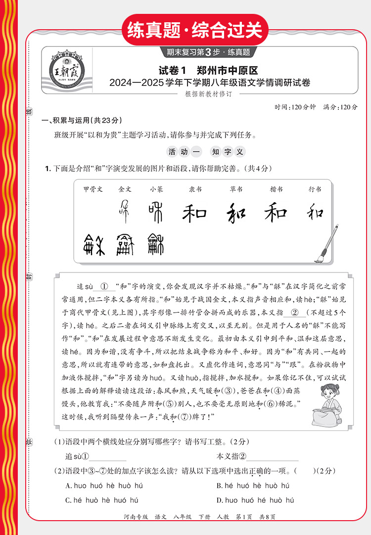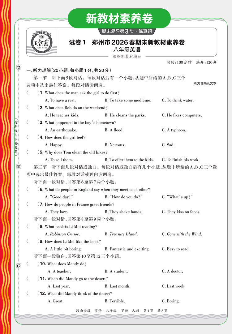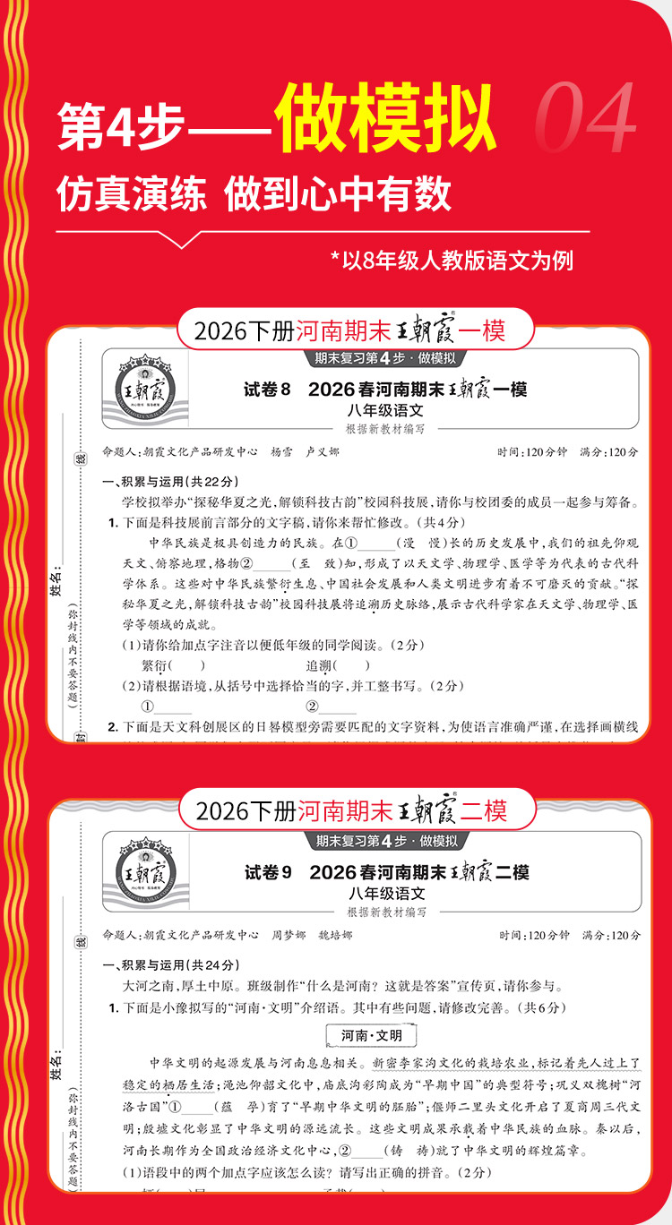 【河南专版】2026春下王朝霞中学各地期末精选河南专版7-8年级语数英物政史地
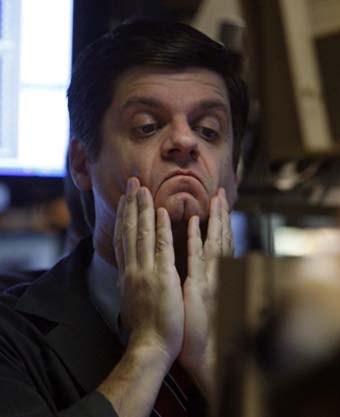 Updated: 2008-10-08 10:26 ![]() A trader works on the floor of the New York Stock Exchange, October 7, 2008. US stocks slid on Tuesday as a sell-off in financial shares accelerated and fears mounted that the rapidly spreading credit crisis would drag the economy into recession. [Agencies] Dow Jones dives again, credit worries linger
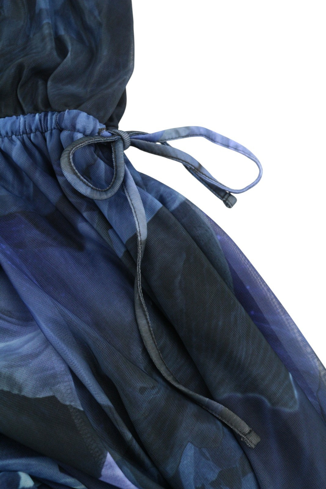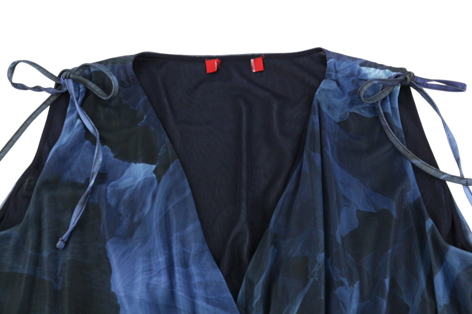 MAX&CO. Women Dress M Dark Blur Floral Print V-Neck Sleeveless Midi
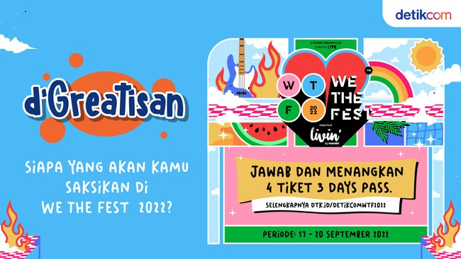 detikcom punya 4 tiket 3 days pass untuk 4 orang beruntung. Kuis ini berlangsung sejak artikel ini tayang hingga 20 September 2022. Pengumuman pemenang akan dilakukan pada 21 September 2022.
--- --- ---
> Aim of the task
Output the whole of the data, unchanged; keep the pictures out.

> Task result
 【河南专版】2026春下王朝霞中学各地期末精选河南专版7-8年级语数英物政史地
 Updated: 2008-10-08 10:26 ![]() A trader works on the floor of the New York Stock Exchange, October 7, 2008. US stocks slid on Tuesday as a sell-off in financial shares accelerated and fears mounted that the rapidly spreading credit crisis would drag the economy into recession. [Agencies] Dow Jones dives again, credit worries linger
 MAX&CO. Women Dress M Dark Blur Floral Print V-Neck Sleeveless Midi
 detikcom punya 4 tiket 3 days pass untuk 4 orang beruntung. Kuis ini berlangsung sejak artikel ini tayang hingga 20 September 2022. Pengumuman pemenang akan dilakukan pada 21 September 2022.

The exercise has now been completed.